Lecture 2.4 - Model Building
Interpretation steps
Interpretation goals
Learning how to build an appropriate model for your data is a deep and difficult topic that we can only cover briefly in this class. However, the steps for checking if you have a high quality model are relevant no matter your model building process or method. We will practice model building in the following exercises.
- Learning objectives:
- Learn how to generate testable hypotheses
- Continue building skills in interpreting variables
- Practice model building
Hypothesis development
Make a list of hypothesized relationships to AQI. For each variable, list what you expect its relationship to AQI to be and how strong you expect the relationship to be.

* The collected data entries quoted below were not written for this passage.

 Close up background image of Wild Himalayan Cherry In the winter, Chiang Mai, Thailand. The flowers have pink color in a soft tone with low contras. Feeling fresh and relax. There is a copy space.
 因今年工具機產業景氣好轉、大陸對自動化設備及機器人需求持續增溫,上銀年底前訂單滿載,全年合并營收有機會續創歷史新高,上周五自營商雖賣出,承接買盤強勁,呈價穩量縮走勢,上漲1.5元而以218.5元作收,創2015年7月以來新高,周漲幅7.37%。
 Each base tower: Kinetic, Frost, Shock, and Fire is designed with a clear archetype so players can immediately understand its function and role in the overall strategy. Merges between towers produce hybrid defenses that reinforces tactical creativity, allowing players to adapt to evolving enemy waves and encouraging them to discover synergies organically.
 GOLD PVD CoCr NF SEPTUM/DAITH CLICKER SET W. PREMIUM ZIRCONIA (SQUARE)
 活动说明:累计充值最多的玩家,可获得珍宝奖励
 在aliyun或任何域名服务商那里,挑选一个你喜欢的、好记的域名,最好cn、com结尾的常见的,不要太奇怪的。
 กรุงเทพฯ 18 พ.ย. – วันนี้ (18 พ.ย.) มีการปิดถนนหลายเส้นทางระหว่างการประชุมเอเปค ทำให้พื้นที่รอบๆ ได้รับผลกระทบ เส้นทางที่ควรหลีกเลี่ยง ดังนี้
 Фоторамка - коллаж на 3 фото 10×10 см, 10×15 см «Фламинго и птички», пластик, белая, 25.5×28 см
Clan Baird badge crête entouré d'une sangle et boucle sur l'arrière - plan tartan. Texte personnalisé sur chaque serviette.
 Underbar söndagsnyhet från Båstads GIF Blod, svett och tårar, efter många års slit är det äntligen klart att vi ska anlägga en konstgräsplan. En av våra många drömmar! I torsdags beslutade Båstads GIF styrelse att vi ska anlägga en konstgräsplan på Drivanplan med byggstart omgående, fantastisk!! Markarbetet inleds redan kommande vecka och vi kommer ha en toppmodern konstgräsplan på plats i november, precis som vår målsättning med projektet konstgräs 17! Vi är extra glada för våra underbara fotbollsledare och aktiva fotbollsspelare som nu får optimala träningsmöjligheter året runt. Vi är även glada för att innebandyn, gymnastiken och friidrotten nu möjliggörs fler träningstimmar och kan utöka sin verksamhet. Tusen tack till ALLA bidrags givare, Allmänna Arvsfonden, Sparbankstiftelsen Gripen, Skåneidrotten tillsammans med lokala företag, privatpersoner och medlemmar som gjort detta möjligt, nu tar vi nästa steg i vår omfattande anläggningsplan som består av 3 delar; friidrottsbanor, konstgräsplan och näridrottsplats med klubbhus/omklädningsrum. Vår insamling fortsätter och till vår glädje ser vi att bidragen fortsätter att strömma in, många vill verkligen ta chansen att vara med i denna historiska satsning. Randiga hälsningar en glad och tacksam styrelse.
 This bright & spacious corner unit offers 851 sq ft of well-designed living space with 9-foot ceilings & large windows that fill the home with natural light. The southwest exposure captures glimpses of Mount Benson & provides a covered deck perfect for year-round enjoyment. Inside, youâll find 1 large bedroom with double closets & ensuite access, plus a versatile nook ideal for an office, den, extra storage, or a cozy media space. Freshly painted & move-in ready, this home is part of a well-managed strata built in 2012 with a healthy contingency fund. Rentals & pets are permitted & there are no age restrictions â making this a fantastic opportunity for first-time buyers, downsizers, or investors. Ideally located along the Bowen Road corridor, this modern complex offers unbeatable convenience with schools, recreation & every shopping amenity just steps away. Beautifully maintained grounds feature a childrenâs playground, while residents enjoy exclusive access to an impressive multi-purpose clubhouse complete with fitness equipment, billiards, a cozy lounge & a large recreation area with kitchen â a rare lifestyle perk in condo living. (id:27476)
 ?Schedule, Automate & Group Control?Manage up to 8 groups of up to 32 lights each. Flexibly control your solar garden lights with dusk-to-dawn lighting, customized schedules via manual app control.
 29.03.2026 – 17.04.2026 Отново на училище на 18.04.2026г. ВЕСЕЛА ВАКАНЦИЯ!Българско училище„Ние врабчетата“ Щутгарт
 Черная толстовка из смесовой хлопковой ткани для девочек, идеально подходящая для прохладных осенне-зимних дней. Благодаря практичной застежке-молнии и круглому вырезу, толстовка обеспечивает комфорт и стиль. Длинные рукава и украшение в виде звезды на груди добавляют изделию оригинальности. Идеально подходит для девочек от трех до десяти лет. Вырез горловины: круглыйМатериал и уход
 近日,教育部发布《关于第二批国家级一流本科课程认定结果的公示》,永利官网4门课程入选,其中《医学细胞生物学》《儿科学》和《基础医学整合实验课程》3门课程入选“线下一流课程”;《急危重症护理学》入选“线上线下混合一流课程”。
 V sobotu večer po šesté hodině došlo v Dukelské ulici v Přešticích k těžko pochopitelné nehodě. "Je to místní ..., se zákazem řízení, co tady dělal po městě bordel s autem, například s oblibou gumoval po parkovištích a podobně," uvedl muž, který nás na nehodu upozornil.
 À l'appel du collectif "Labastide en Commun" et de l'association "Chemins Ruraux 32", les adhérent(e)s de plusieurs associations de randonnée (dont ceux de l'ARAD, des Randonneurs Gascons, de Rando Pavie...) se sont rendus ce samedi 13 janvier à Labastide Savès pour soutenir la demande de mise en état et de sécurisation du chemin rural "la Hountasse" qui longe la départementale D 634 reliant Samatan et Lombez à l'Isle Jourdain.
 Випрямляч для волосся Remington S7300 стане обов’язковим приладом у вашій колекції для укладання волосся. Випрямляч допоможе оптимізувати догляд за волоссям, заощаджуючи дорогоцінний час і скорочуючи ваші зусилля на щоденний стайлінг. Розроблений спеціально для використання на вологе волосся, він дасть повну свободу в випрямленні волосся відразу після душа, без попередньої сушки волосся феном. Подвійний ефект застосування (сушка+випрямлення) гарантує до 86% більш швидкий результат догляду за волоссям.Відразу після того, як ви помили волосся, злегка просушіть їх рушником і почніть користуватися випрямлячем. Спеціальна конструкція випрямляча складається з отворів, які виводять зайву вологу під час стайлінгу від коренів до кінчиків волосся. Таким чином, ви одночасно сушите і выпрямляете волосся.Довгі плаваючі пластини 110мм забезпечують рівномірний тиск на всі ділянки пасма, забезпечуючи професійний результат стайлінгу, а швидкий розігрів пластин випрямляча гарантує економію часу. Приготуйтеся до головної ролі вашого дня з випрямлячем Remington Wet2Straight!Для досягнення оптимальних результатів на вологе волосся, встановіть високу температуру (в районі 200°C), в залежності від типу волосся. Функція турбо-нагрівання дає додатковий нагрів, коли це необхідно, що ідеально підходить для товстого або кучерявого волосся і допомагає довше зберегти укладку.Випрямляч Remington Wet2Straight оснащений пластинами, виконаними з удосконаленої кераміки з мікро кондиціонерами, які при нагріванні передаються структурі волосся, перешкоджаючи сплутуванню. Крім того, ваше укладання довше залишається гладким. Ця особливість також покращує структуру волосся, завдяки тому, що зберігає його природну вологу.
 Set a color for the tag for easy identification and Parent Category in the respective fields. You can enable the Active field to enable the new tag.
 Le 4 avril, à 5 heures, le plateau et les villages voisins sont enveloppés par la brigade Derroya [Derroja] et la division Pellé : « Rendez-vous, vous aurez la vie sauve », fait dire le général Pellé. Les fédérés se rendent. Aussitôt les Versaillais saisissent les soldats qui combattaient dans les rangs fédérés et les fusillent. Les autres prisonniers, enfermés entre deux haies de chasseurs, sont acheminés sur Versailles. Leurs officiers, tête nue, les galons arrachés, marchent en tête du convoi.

After you have done that, write down the order in which you expect predictor variables to best predict AQI – which do you think are the most important in ‘causing’ an increase in AQI?
Variable exploration
For this part of the lab, you should explore the distribution of all of the variables via histograms. Make note of any outliers or non-normal distributions that may cause problems for your later statistical test. Also consider if any variables need to be recoded or transformed.
Two variable relationship
Based on your hypothesized relationship between each of the predictor variables and AQI, check the two-way (meaning relationships between each individual predictor variable and the response variable) to see your expectations are met or not. You may also want to check the correlations between all variables. The command to create a correlation matrix plot is
install.packages("ggcorrplot")
library(ggcorrplot)
aqicors <- cor(data.frame(china.aqi$AQI,
china.aqi$Precipitation,
china.aqi$GDP),
use="complete.obs")
ggcorrplot(aqicors)You can learn more about ggcorrplot here
Did any of the two-way relationships surprise you? Which ones and why?
Model building
Now, armed with your hypotheses, work with your lab partner to create the best regression model possible by trying combinations of the most ‘important’ variables until you arrive at a model you are happy with.
Unless you think two variables are both extremely important, it is a bad idea to include two variables that are highly correlated with each other – they are almost certainly measuring the same concept and will make it difficult to calculate accurate regression coefficient estimates
Pay special attention to the residual plots and make sure to carefully interpret your coefficients, \(r^2\) and also make sure to justify your model with a good argument about how the causation works.
Also, remember that your model must meet the three criteria:
- Linearity
- Equal Variance – Does the Plot Thicken?
- No Problem Residuals
As a reminder, to generate residuals, you can do so with the augment() function from the broom library:
fit <- lm(data=china.aqi, AQI ~ GDP)
aug.fit <- augment(fit)You can then graph them with the following commands:
ggplot(lmodel.data, aes(x=.fitted, y=.resid)) +
geom_point() +
geom_hline(yintercept=0)As for partial residual plots, the way to plot partial residuals is:
install.packages("visreg")
library(visreg)
eff <- visreg(lmodel, "GDP", gg=TRUE)
eff+ggtitle("Partial Residual Plot")Model interpretation
Next, interpret your coefficients – think about whether your predictor variables are predicted to make a big or a small change in the response variable.
- Some things to consider:
- What are the units of the slope coefficients?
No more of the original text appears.